* _Required work_:
Return each record word for word and omit the pictures.

___ Given entries

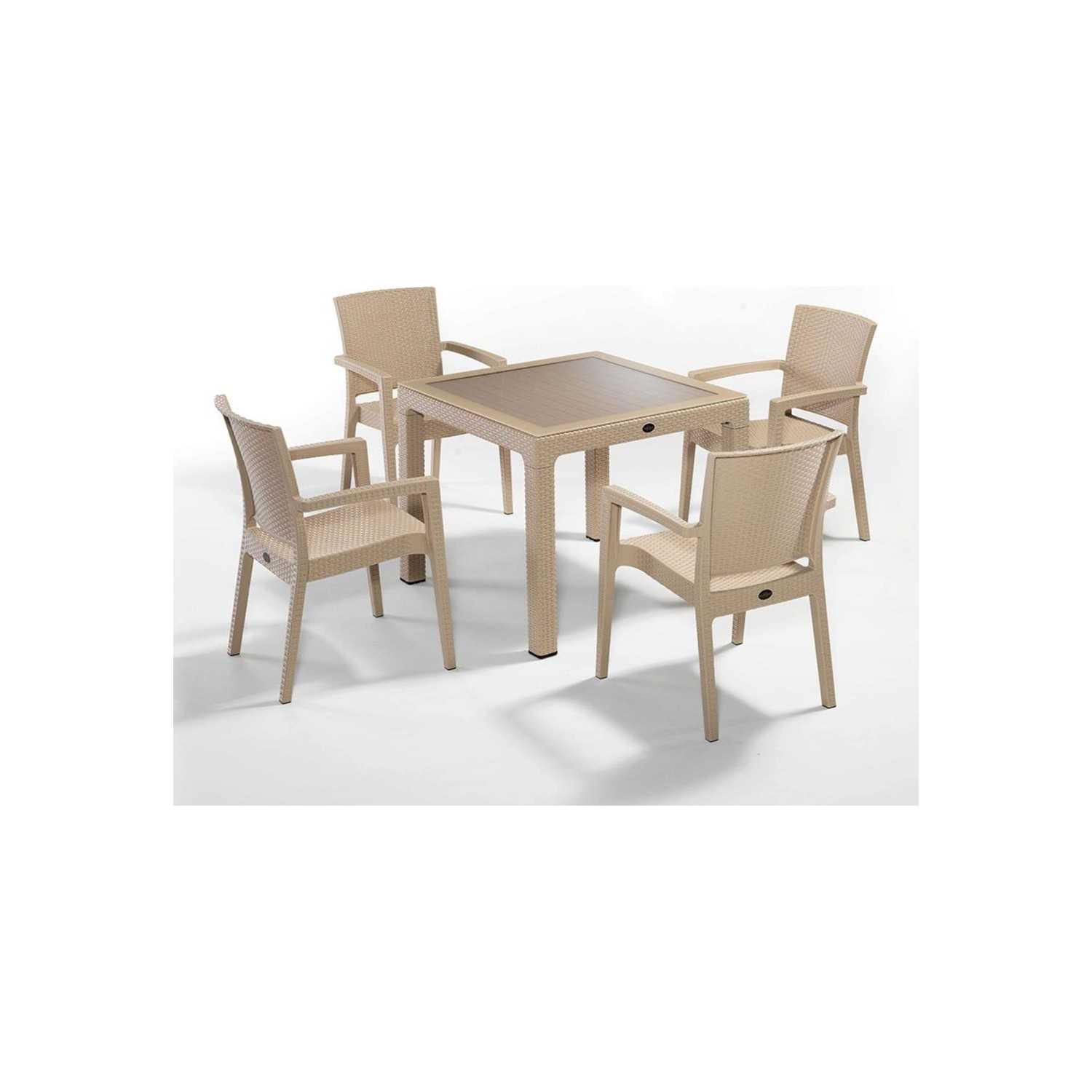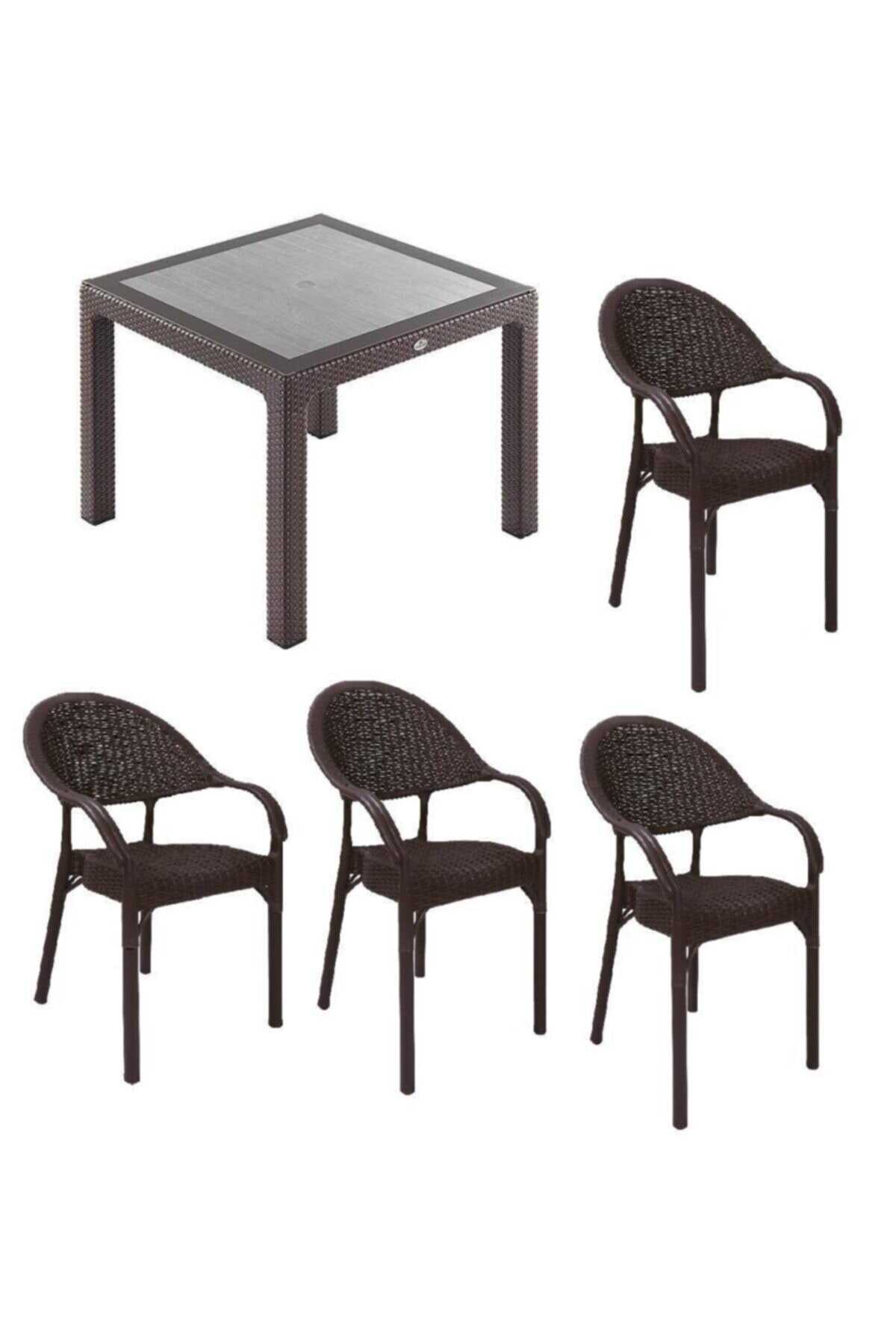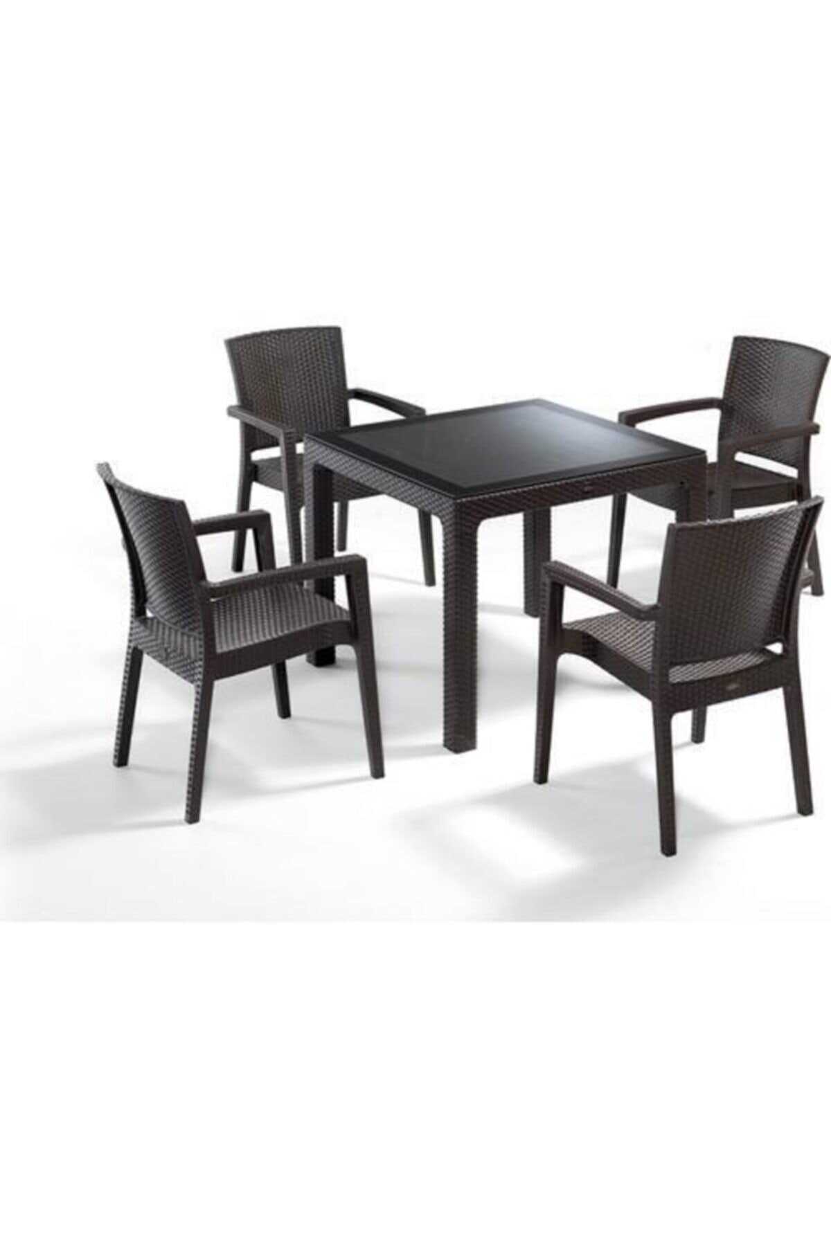 CAPİSSİ BAMBU MASA TK 90*90+4 KOLTUK KAHVE CAMLI
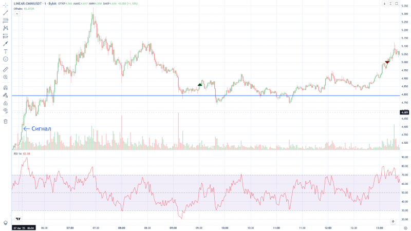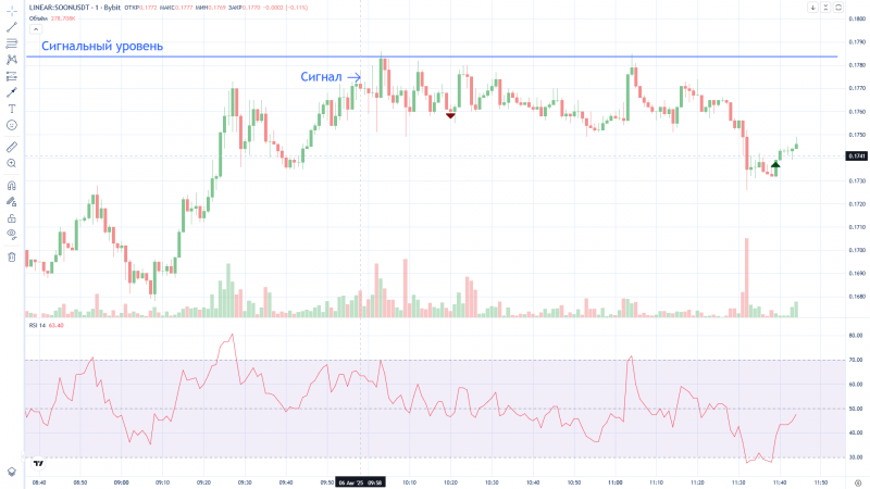 Через терминал Атас можно отслеживать цену и RSI.
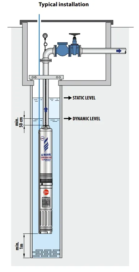 Deze bronpompen zijn geschikt voor particulier gebruik. Er is een minimale brondiameter van 110 mm binnenwerks vereist voor het kunnen plaatsen van de 4BLOCK m 4/9 bronpomp.
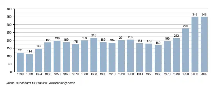 - ↑ Daten der Eidgenössischen Volkszählungen ab 1850 nach Gemeinden. (XLSX; 10 MB) Bundesamt für Statistik, Neuchâtel, 12. Juli 2024, abgerufen am 5. März 2025 (Öffnung in Excel nur über "Anhang/Excel-Datensatz" möglich).
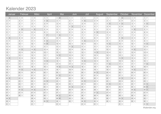 Jahreskalender 2023 zum Ausdruck (DIN A4)
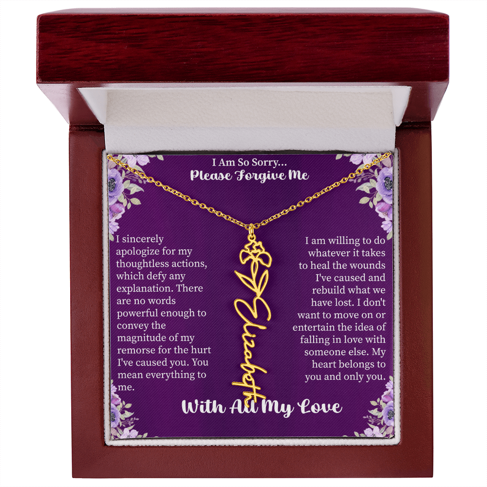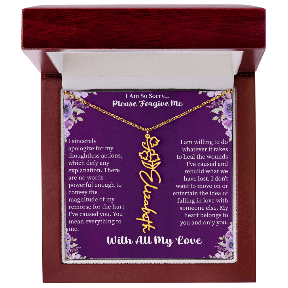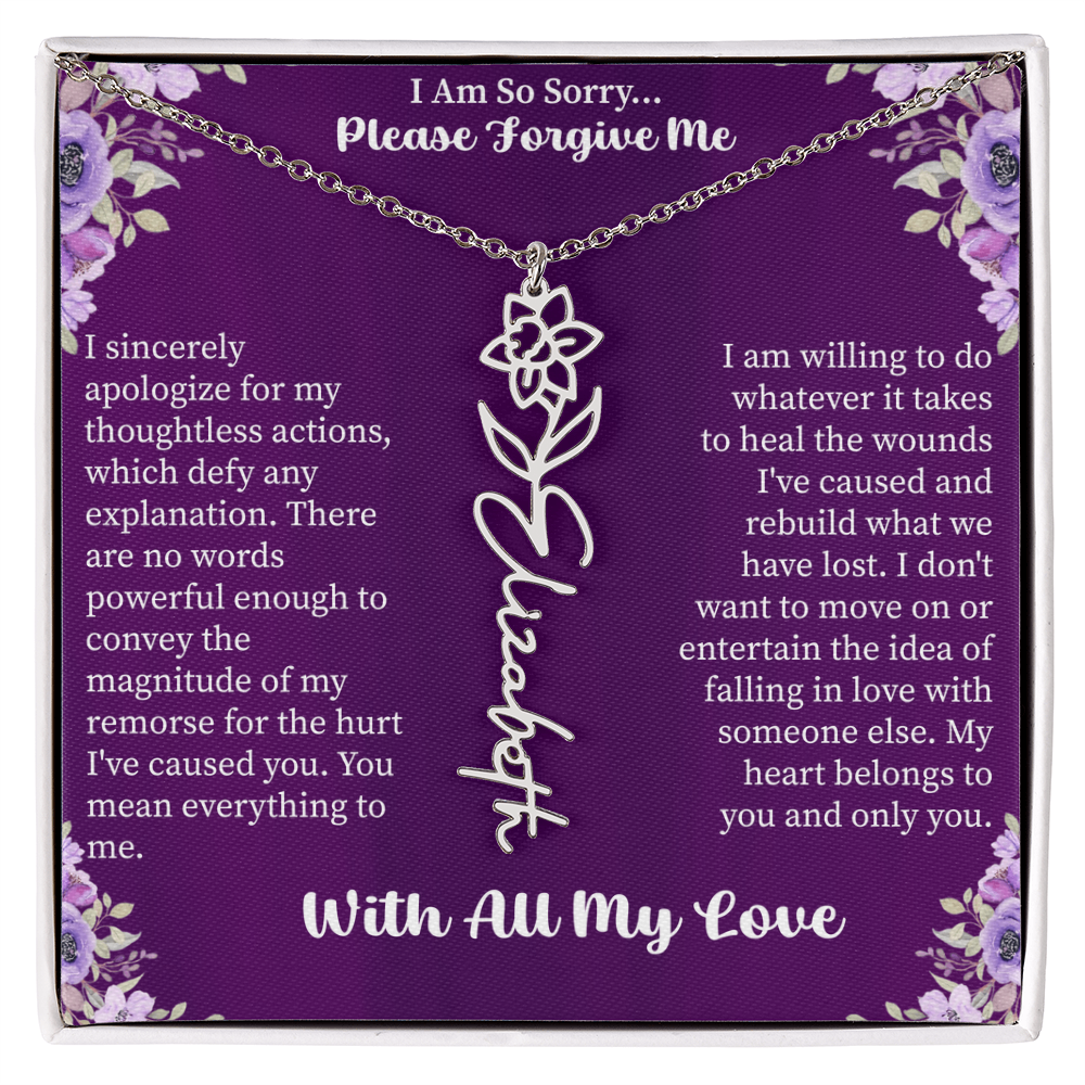 I'm So Sorry Please Forgive Me Flower Name Necklace – Apology Gift – Personalized Floral Name Jewelry with Message Card

______

* _Exercise result_:
 CAPİSSİ BAMBU MASA TK 90*90+4 KOLTUK KAHVE CAMLI
 Через терминал Атас можно отслеживать цену и RSI.
 Deze bronpompen zijn geschikt voor particulier gebruik. Er is een minimale brondiameter van 110 mm binnenwerks vereist voor het kunnen plaatsen van de 4BLOCK m 4/9 bronpomp.
 - ↑ Daten der Eidgenössischen Volkszählungen ab 1850 nach Gemeinden. (XLSX; 10 MB) Bundesamt für Statistik, Neuchâtel, 12. Juli 2024, abgerufen am 5. März 2025 (Öffnung in Excel nur über "Anhang/Excel-Datensatz" möglich).
 Jahreskalender 2023 zum Ausdruck (DIN A4)
 I'm So Sorry Please Forgive Me Flower Name Necklace – Apology Gift – Personalized Floral Name Jewelry with Message Card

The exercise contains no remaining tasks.